* _Data segment_:

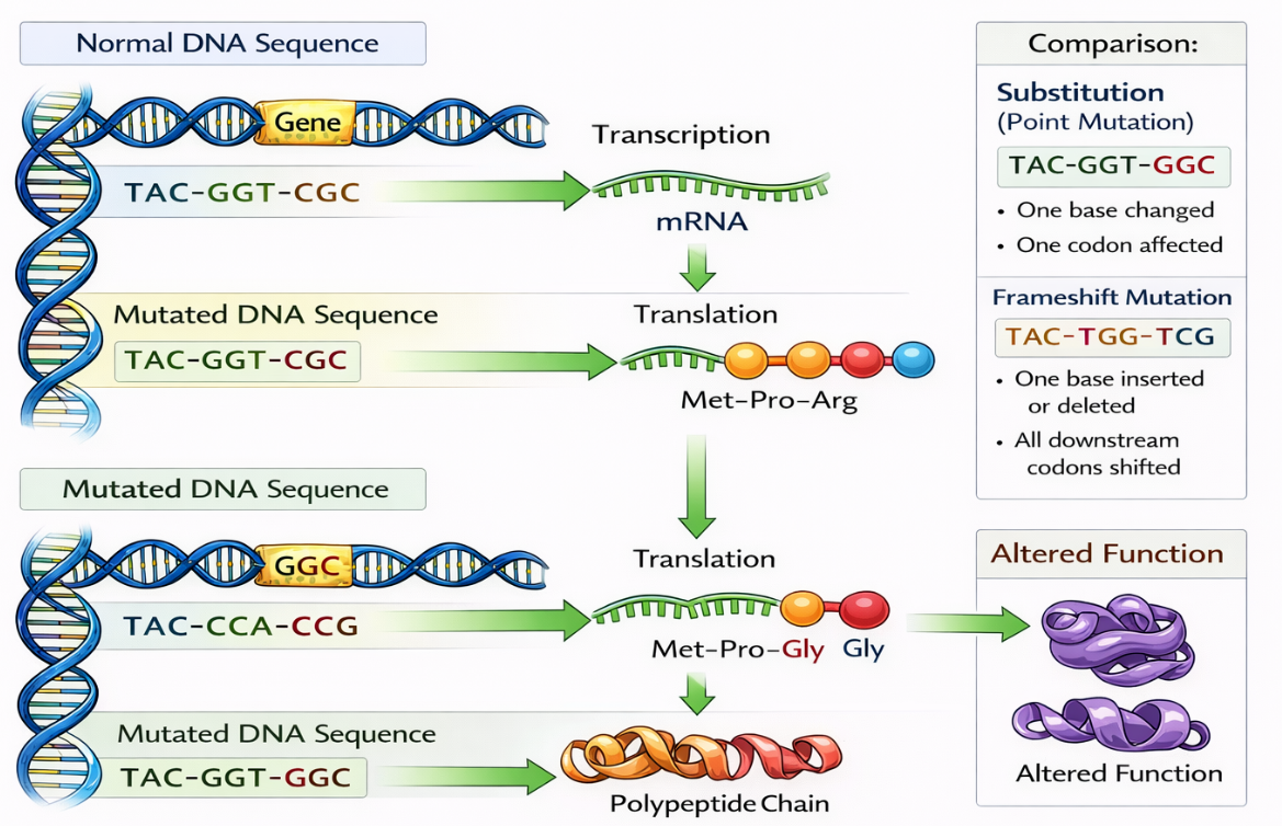 b. A change in a DNA sequence occurs when a nucleotide is substituted into the original sequence (causing a point mutation) or inserted into or deleted from the sequence (causing a frameshift mutation).
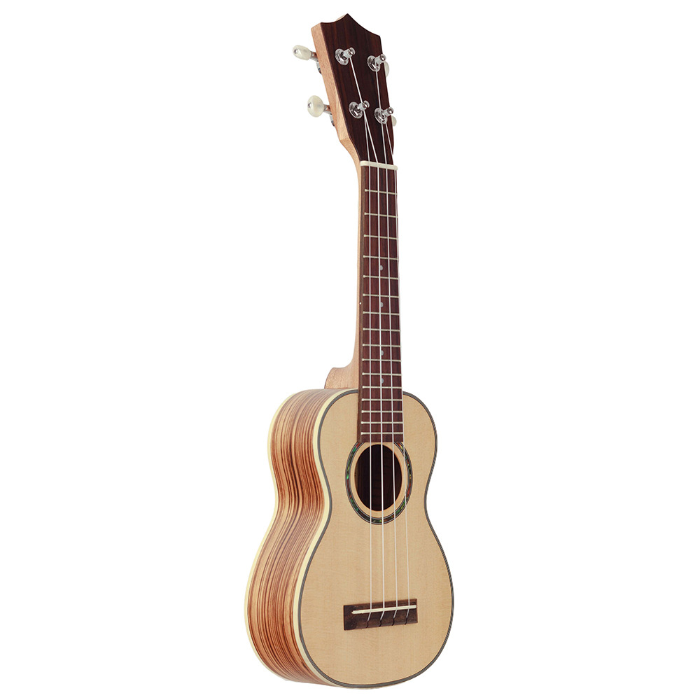 Укулеле Prima M320S имеет классическую форму корпуса, и размер soprano. Задняя дека и обечайки укулеле сделаны из дерева зебрано (zebrawood). Это дерево дает очень хороший сустейн, яркие и открытые верхние частоты, ярко выраженную середину и плотный, но немного приглушенный бас. А топ из ели, придает звучанию теплый тембр.
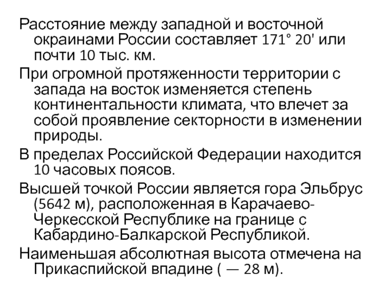 Слайд 18Расстояние между западной и восточной окраинами России составляет 171° 20'

* _Assigned task_: Leaving the pictures aside, transcribe only the lines from the one containing "Укулеле Prima M320S" to the final line of the listing above, inclusive, exactly as they appear.

* _Finished task_:
 Укулеле Prima M320S имеет классическую форму корпуса, и размер soprano. Задняя дека и обечайки укулеле сделаны из дерева зебрано (zebrawood). Это дерево дает очень хороший сустейн, яркие и открытые верхние частоты, ярко выраженную середину и плотный, но немного приглушенный бас. А топ из ели, придает звучанию теплый тембр.
 Слайд 18Расстояние между западной и восточной окраинами России составляет 171° 20'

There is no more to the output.